Joe made a practice of never lying to himself. In three months he turned thirty-one.
His first fuck had occurred on his sixteenth birthday, and that had been the last time he hadn’t used a rubber. Even with Flora, his one long-term relationship—and she had been on the pill—he’d always suited up. It had been a bone of contention between them.
Susie was just another woman. There was nothing special about her.
Crap. Who was he kidding?
From the second he’d spied her, some part of him had known but refused to acknowledge that Susie Elizabeth White was no throwaway. Nope, she was a keeper. And damned if the ancients hadn’t been fricking right about mates and mate-recognition. It happened in the snap of a finger, in the blink of an eye, in the first glimpse of a fat, pink nipple.
No more internal palavering.
He might have been a total skeptic about the wolf-mate shtick, but he’d just become a believer.
He’d found his mate.
Jesus.
And that subconscious recognition had fueled another intuitive primitive craving—the fierce urge to procreate. Total selfishness on his part and his gut told him Susie’d be liable to brain him when he confessed to not using a rubber.
Years ago he’d accepted his half-breed status. Sure, his unnatural strength, speed, and heightened senses gave him a significant edge over normal males. Even the ex-SEALs he worked with were in awe of his skills, but he couldn’t shift like a full wolf. So he’d always assumed only true wolves had mate instincts. No way could he rationalize his overwhelming possessiveness for this woman from the very first second their eyes met.
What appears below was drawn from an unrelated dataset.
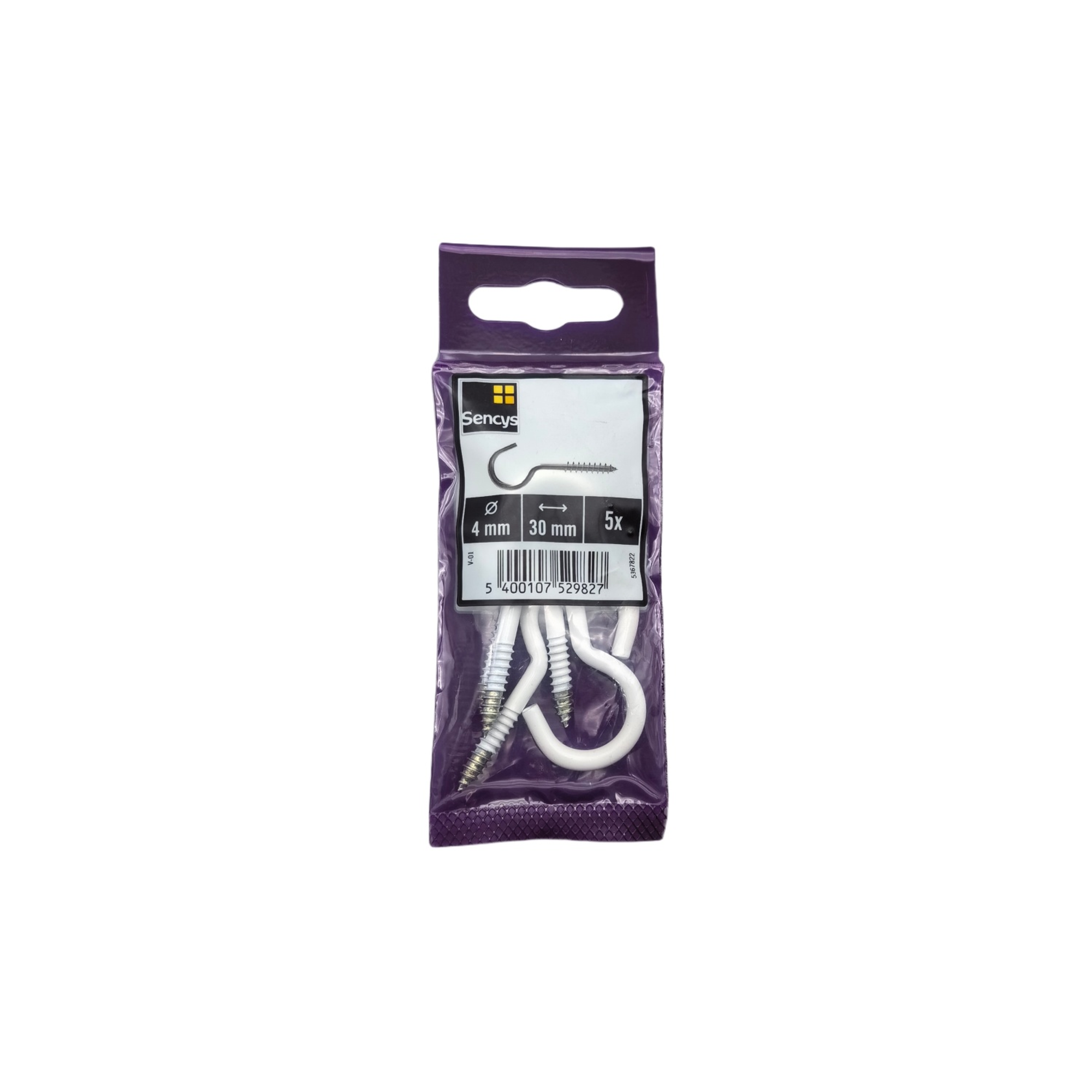 Sencys schroefhaak white coated 4mm 30mm 5 stuks

How to make this work? Tell her everything up front? Yeah. He grimaced as he imagined her reaction to the words, Babe, I’m a wolf. My eyes glow in the dark. I run fast enough to be a blur to most humans, and I can literally tear a man apart.
Scratch that approach. She’d take out a restraining order. Any sane person would. He could pursue only one strategy. Make her fall in love with him and then break the news.
The decision allowed him to nap off and on.
He woke often—the need to check on his mate, touch her, and smell her hair too overpowering to resist.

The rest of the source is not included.